An XML schema example.

Figure 10.

Inspired resulting mapping rules [14].

The rules ‘dm2’ in the example are invalid rules. They will be removed by the refinement process. In this example, the book author has no laboratory (see the XML instance of Section 3.1.1.).

3.2.6. DTD2OWL

Concerning the transformation from DTD, the DTD2OWL approach [19] automatically generates an OWL ontology from the DTD. Processing at the DTD tends to convert all elements and attributes of a DTD to a class or a predicate in the target ontology. The whole DTD2OWL framework combines the mapping of a DTD to an OWL ontology, and transforming the XML document into OWL instances. The the procedure was implemented using the XSL stylesheet.
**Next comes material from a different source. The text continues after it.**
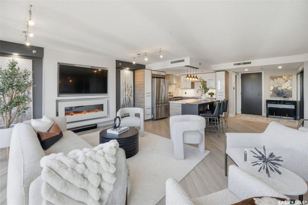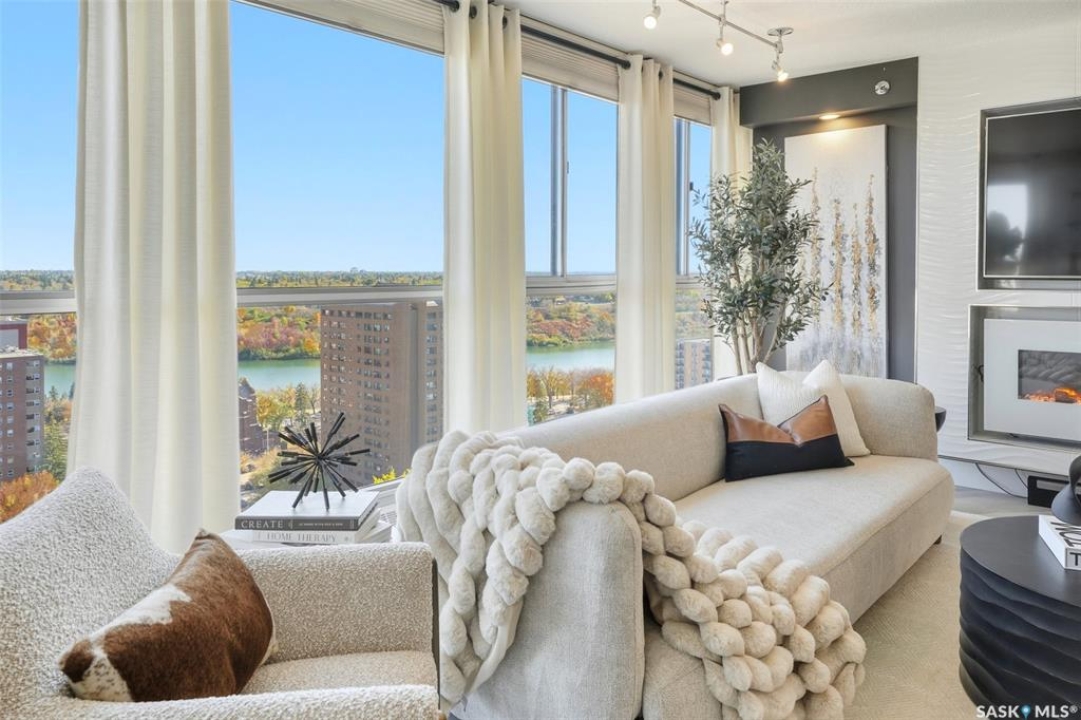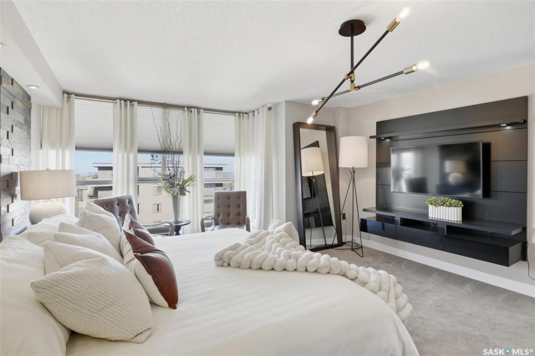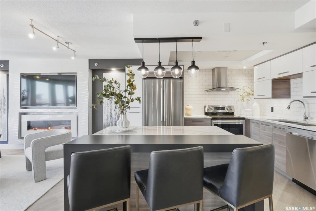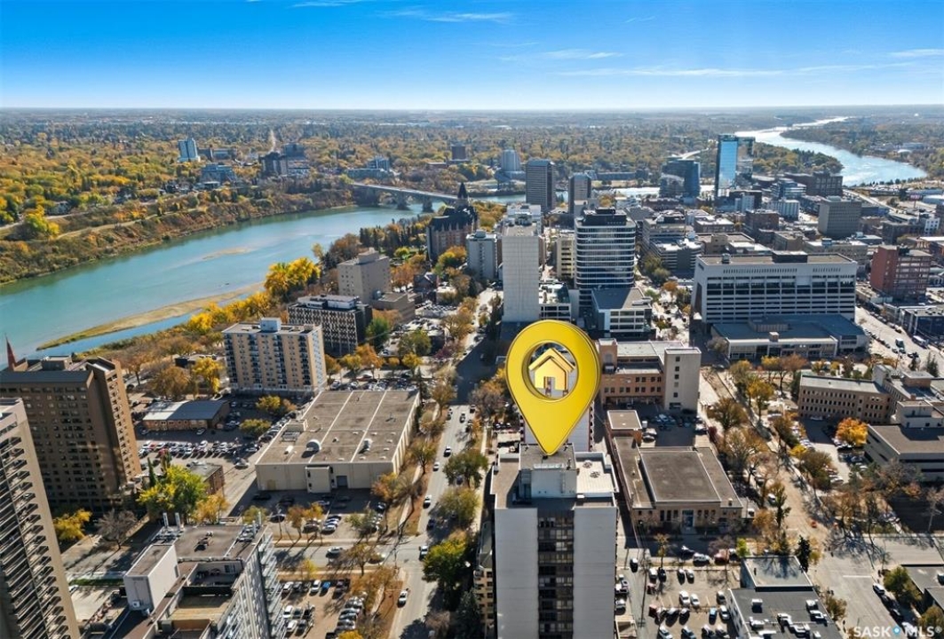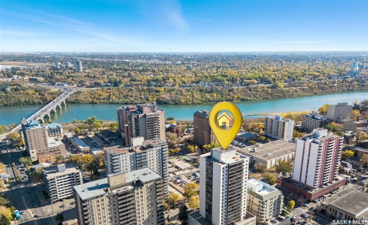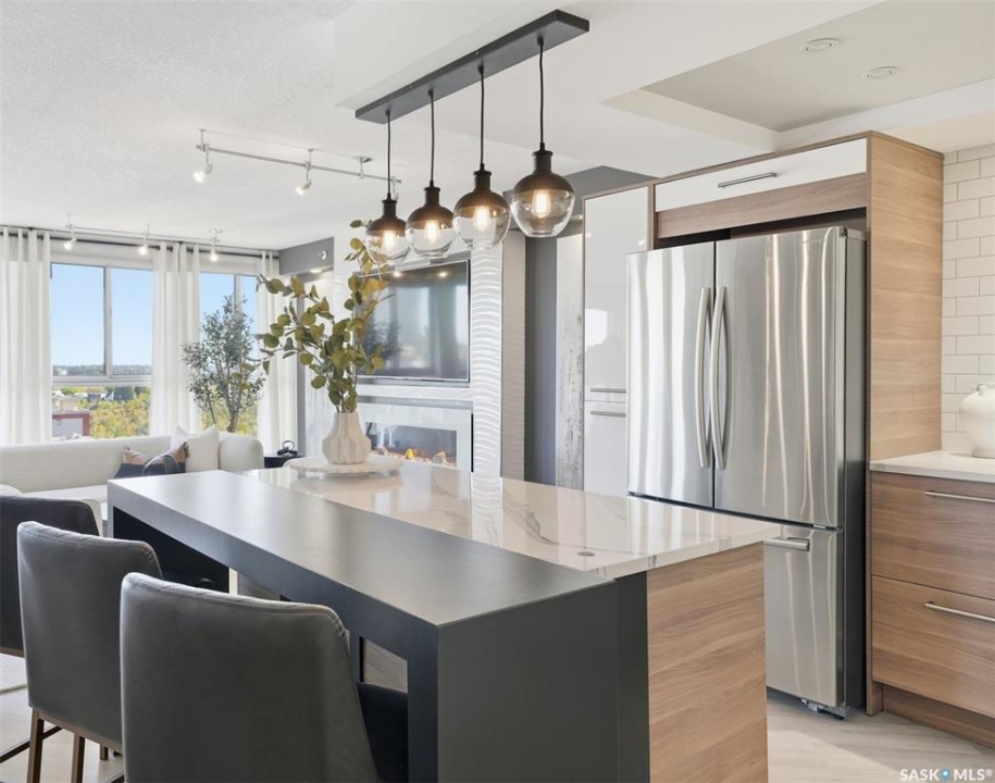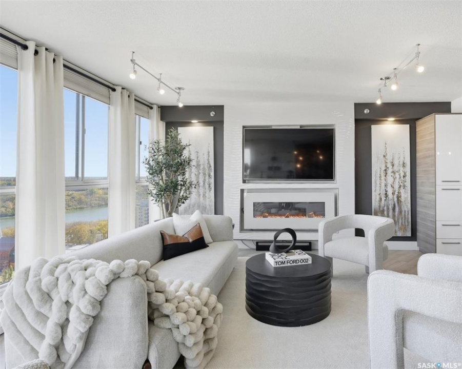 Experience Downtown Saskatoon Penthouse Living with an amazing View of the River! Indulge your desire for high-end, maintenance-free living with this breathtaking 1,528 sqft Penthouse Condominium in the vibrant core of Saskatoon. Far more than a home, this is a lifestyle defined by convenience and sophistication, boasting an enviable Walk Score of 96 and a Bike Score of 99. This professionally renovated sanctuary is a testament to modern design. The stunning kitchen is a chef's dream, featuring upgraded appliances, sleek quartz countertops, and a generous island with a sit-up bar that flows seamlessly into the main living space. The entire unit has been elevated with modern flooring, designer paint tones, and updated light fixtures, culminating in the removal & replacement of the dated ceiling for a smooth, contemporary finish. Designer touches by Fresco Interiors, including but not limited to custom drapery, add a final touch of tailored elegance. Upgraded blinds throughout give you privacy when you want it most. Step outside and immerse yourself in the city's best. You are mere steps from the 60 km of trails in the serene Meewasin Valley. Enjoy cultural gems like the Remai Modern, Persephone Theatre, and the charming seasonal Shakespeare on the Saskatchewan. Every amenity—from fine dining and popular taverns to museums and nature parks—is just a short, pleasant stroll away. The Terrace amenities redefine community living, offering a large facility with a swimming pool, hot tub, sauna, an adjacent indoor lounge, and an expansive outdoor patio with community barbecues. For an even more spectacular experience, retreat to the rooftop patio for breathtaking, panoramic city views. Your exclusive, heated covered parking spot means you can safely forget about your vehicle and embrace urban life. Don't just move... move up! Call today for a private viewing of this affordable, classy, and perfectly located penthouse on Fifth Avenue.

The result of this transformation is an OWL ontology capturing the semantics of the DTD structure. In Table 6, we summarize the matching rules related to the DTD constructs. The rules generate OWL constructs that are shown on the left of Table 6. The XML language allows elements with the same name, which is not allowed in OWL. This problem is overcome by renaming the second element by concatenating the parent node + ‘_’ + identical element. The DTD2OWL approach is simpler from the viewpoint of the appropriate OWL constructs with regard to XML schema elements. However, it is incomplete as it does not treat all of the constructs of the DTD definition. For example:

Attribute types: enumeration, ID, IDREF.

Different entity types: general, parametric, external, internal.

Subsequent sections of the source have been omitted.